** Required work **
Word for word, restate the data that follows, omitting the images.

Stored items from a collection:

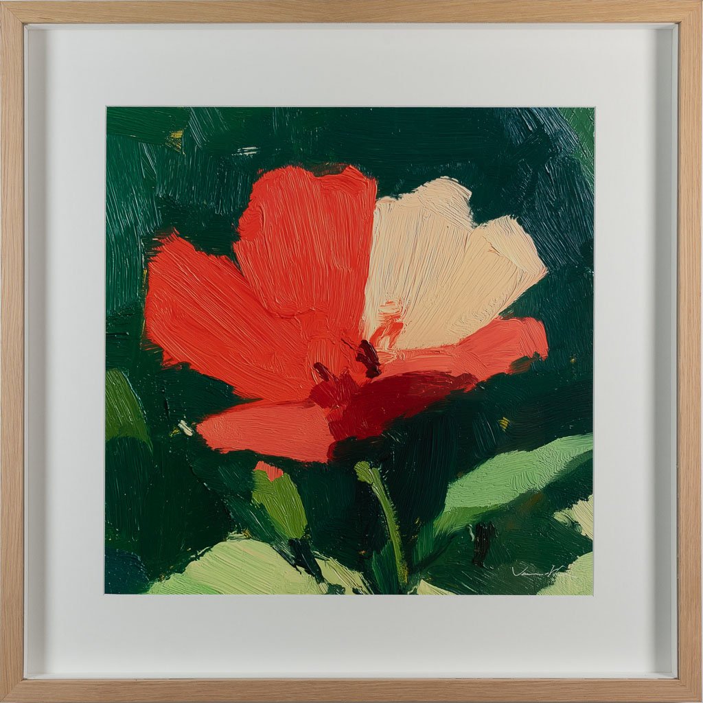 Lámina giclée sobre papel artístico de 210gr, enmarcada con un paspartú libre de ácidos, en vitrina con una moldura chapada en roble natural
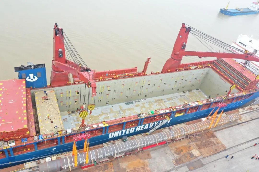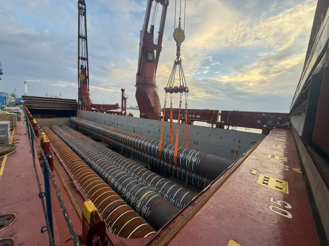 “幸福號”貨輪承載著江蘇天能海洋重工有限公司精心制造的尖端管樁裝備,這些“大國重器”將遠赴中東,為當(dāng)?shù)赜蜌赓Y源開發(fā)提供關(guān)鍵基礎(chǔ)設(shè)施支持。全船共裝載45件管樁及配套鋼結(jié)構(gòu),其中管樁長度普遍超過40米,最長達76.8米,單件最大重量突破377噸,堪稱“海上鋼鐵巨龍”。
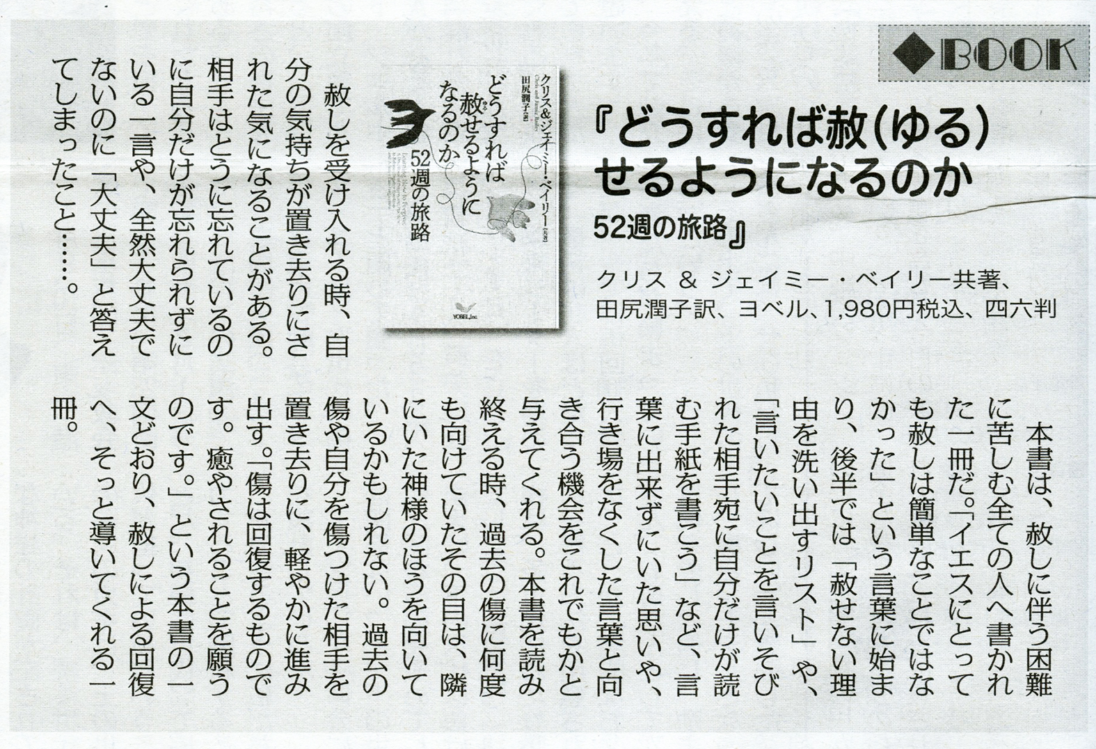 2026年2月12日 / 最終更新日 : 2026年2月12日 yobelinc 書評 クリスチャン新聞2026.2.15.日版に寸評が掲載されました。 クリス & ジェイミー・ベイリー [著]どうすれば赦せるようになるのか―52 週の旅路 クリス & ジェイミー・ベイリー [著]どうすれば赦せるようになるのか―52 週の旅路
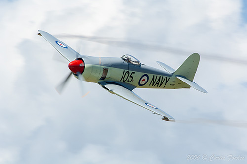 He would rebuild that Centaurus radial on his own. The Centaurus is an 18 cylinder radial engine - 2 rows of 9. The Centaurus has an interesting sleeve valve geometry. The metallurgy of the sleeves would prove to be troublesome for long term use. Getchell was an expert on that engine. He could tell you everything about it, all you needed was a day or so and a real compfy chair. The Centaurus has a very pleasing unique sound. Many Sea Fury owners have decided to fit a Pratt/Whitney radial to the Sea Fury since the parts are much easier to get. Getchell wanted nothing to do with that. You can usually spot the Centaurus powered versions with the beautiful 5-blade propeller up front. The Pratt & Whitney powered models use a 4-bladed prop. Another difference between the two powerplants is that the Centaurus turns the wrong way ;) Getchell flew the Sea Fury, but also the P-51 and AT-6 and had to switch between left rudder on takeoff and climbout in the Sea Fury, vs right rudder on the others.
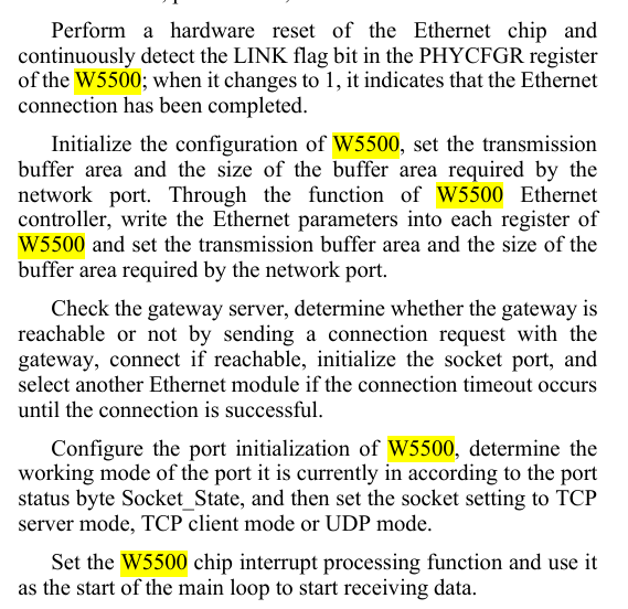 The choice of the W5500 Ethernet chip is critical for the following reasons:

** Answer box **
 Lámina giclée sobre papel artístico de 210gr, enmarcada con un paspartú libre de ácidos, en vitrina con una moldura chapada en roble natural
 “幸福號”貨輪承載著江蘇天能海洋重工有限公司精心制造的尖端管樁裝備,這些“大國重器”將遠赴中東,為當(dāng)?shù)赜蜌赓Y源開發(fā)提供關(guān)鍵基礎(chǔ)設(shè)施支持。全船共裝載45件管樁及配套鋼結(jié)構(gòu),其中管樁長度普遍超過40米,最長達76.8米,單件最大重量突破377噸,堪稱“海上鋼鐵巨龍”。
 2026年2月12日 / 最終更新日 : 2026年2月12日 yobelinc 書評 クリスチャン新聞2026.2.15.日版に寸評が掲載されました。 クリス & ジェイミー・ベイリー [著]どうすれば赦せるようになるのか―52 週の旅路 クリス & ジェイミー・ベイリー [著]どうすれば赦せるようになるのか―52 週の旅路
 He would rebuild that Centaurus radial on his own. The Centaurus is an 18 cylinder radial engine - 2 rows of 9. The Centaurus has an interesting sleeve valve geometry. The metallurgy of the sleeves would prove to be troublesome for long term use. Getchell was an expert on that engine. He could tell you everything about it, all you needed was a day or so and a real compfy chair. The Centaurus has a very pleasing unique sound. Many Sea Fury owners have decided to fit a Pratt/Whitney radial to the Sea Fury since the parts are much easier to get. Getchell wanted nothing to do with that. You can usually spot the Centaurus powered versions with the beautiful 5-blade propeller up front. The Pratt & Whitney powered models use a 4-bladed prop. Another difference between the two powerplants is that the Centaurus turns the wrong way ;) Getchell flew the Sea Fury, but also the P-51 and AT-6 and had to switch between left rudder on takeoff and climbout in the Sea Fury, vs right rudder on the others.
 The choice of the W5500 Ethernet chip is critical for the following reasons:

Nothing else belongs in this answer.